Abstract
Initial alignment for a strap-down inertial navigation system (SINS) plays an important role in the following navigation and positioning operation. Initial alignment incorporates two stages: coarse and fine. This paper mainly investigates fine alignment for SINS under static base. A new fast SINS initial alignment scheme, a disturbance observer-based Kalman filter (DOBKF), is proposed to estimate the misalignment angles. As the name implies, the DOBKF is composed of a Kalman filter and a disturbance observer (DO). The Kalman filter is used to estimate horizontal misalignment angles, and the DO is applied to estimate the azimuth misalignment angle. In addition, when the estimations from the Kalman filter reach a steady state, they will be used as input for designing the DO. Compared with traditional filters, such as a Kalman filter used in initial alignment, the filter proposed by this paper not only greatly hastens the overall initial alignment process, but has comparable accuracy. Comparing simulation results shows that the proposed filter satisfies the requirement of SINS alignment.
Introduction
Inertial navigation systems (INS) are widely used for navigation and positioning of aircraft, vehicles, ships, etc., since they can successively supply attitude, velocity and position information. Roughly speaking, the INS can be commonly classified alongside the gimballed INS (GINS) and the strapdown INS (SINS) (Wang, 2009). Because they have similar principles, we mainly focus on the SINS in this paper. As a dead-reckoning navigation system based on integral operation, the accuracy of SINS is restricted by the initial conditions. Consequently, there is a crucial problem to ascertain the initial conditions for the subsequent navigation operation, which contains initial velocity, position and attitude. In practice, the initial velocity and position can be obtained by other sensors, such as Global Positioning Systems (GPS). Thus, the purpose is to determine the initial attitude, or coordinate transformation matrix, from the body frame to the navigation frame. The overall process is called initial alignment (Groves, 2008; Rogers, 2007; Titterton and Weston, 2004).
Considering that SINS is stationary with respect to the Earth, the key point of the initial alignment is to determine the misalignment between the navigation frame and the computer navigation frame within smaller tolerances; then the misalignment is expected to drive to zero in a short period of time (Fang and Wan, 1996; Naser and Sameh, 2004; Rogers, 2007; Titterton and Weston, 2004).
During the SINS initial alignment, coarse alignment is the first stage to obtain a small initial attitude for the second stage, named fine alignment process (Naser and Sameh, 2004). The coarse alignment stage can provide the roughly known initial attitude in a short time; then the small misalignment angles are expected to be obtained for the fine alignment.

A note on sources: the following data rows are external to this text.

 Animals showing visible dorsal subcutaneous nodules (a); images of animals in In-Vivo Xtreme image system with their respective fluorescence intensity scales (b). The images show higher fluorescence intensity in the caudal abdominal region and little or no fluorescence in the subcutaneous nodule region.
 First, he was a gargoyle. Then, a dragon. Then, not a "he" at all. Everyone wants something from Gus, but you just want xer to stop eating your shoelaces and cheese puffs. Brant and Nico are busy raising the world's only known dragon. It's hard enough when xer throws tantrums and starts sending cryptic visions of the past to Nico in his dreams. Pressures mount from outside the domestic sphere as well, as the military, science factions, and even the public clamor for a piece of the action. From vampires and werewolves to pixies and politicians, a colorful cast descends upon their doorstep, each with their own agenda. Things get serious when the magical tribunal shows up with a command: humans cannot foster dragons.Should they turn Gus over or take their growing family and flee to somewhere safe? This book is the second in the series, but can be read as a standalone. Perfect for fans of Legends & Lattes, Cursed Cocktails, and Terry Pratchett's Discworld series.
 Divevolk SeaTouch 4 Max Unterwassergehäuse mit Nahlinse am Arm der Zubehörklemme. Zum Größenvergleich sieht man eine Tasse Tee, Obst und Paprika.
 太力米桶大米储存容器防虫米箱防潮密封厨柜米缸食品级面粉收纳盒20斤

Many filters are utilized to optimally estimate the misalignment during the fine alignment. The famous Kalman filter is one of the most effective estimators to minimize the error variance in this stage (Rogers, 2007; Simon, 2006; Kalman, 1961).

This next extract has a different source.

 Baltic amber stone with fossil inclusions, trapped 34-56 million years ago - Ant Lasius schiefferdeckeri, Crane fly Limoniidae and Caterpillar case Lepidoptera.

There are some assumptions on the systems model and characteristics of noise when the standard Kalman filter is utilized to estimate an unknown state. For example, the systems model and characteristics of noise need to be known. However, it is difficult to obtain an exact model and the corresponding parameters for initial alignment. In recent decades, many kinds of improved Kalman filter have been proposed to relax the assumptions. An adaptive Kalman filtering is developed in Ahn and Won (2006) to automatically tune the measurement noise covariance matrix. In order to improve the robustness of the initial alignment, the adaptive extended Kalman filter (AEKF) is proposed by Fang and Yang; it is applied to in-flight alignment of airborne position and the orientation system (Fang and Yang, 2011). Shin and Naser first used the unscented Kalman filter (UKF) for initial alignment of low-cost inertial measurement units with the large initial attitude errors (Shin and Naser, 2004). This method is also extended by (Park and Kim, 2006; Zhang et al., 2011) for in-motion alignment. The UKF via different unscented transformations is considered and the performance of UKF and EKF is compared in (Park and Kim, 2006). The results show that the estimation accuracy of EKF and UKF is almost the same when the initial heading error is less than
Recently, Wu et al. found that the initial alignment can be transformed into attitude determination using infinite vector observation (Chang et al., 2014; Wu et al., 2011). Thus, many fruitful attitude determination methods can be introduced into the initial alignment. The q-method algorithm is developed in Wu et al. (2011) for finding the optimal attitude. However, only the initial attitudes are estimated: the inertial sensors in the SINS, for example gyroscope biases, are not considered. This problem is researched in Chang et al. (2014). An optimization-based alignment is developed to estimate the gyroscope biases coupled with the attitude. As the accuracy of initial alignment is restricted by the multiple disturbances (Liu et al., 2012), a class of multi-objective filter is constructed for the SINS with disturbance rejection and attenuation performance (Cao and Guo, 2012). As part of a multi-objective filter, a class of drift estimator is developed to estimate the initial drifts, which can be described by the first order Gauss-Markov process.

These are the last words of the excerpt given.